▶ **What you will do**
Show all lines of the entries in which the word "with" is found.
+++
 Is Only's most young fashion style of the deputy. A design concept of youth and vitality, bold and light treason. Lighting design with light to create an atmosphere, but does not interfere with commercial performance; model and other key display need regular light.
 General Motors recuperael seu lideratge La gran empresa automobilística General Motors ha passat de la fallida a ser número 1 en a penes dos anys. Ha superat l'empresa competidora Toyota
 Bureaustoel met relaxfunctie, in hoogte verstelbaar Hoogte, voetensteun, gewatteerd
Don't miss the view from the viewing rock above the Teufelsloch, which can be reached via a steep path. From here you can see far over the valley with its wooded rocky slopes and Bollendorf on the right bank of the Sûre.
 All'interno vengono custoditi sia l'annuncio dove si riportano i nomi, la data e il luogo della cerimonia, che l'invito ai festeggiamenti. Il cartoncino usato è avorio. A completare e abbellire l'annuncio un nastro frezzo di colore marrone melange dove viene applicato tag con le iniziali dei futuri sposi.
+++
▶ **Task answer**
 Is Only's most young fashion style of the deputy. A design concept of youth and vitality, bold and light treason. Lighting design with light to create an atmosphere, but does not interfere with commercial performance; model and other key display need regular light.
Don't miss the view from the viewing rock above the Teufelsloch, which can be reached via a steep path. From here you can see far over the valley with its wooded rocky slopes and Bollendorf on the right bank of the Sûre.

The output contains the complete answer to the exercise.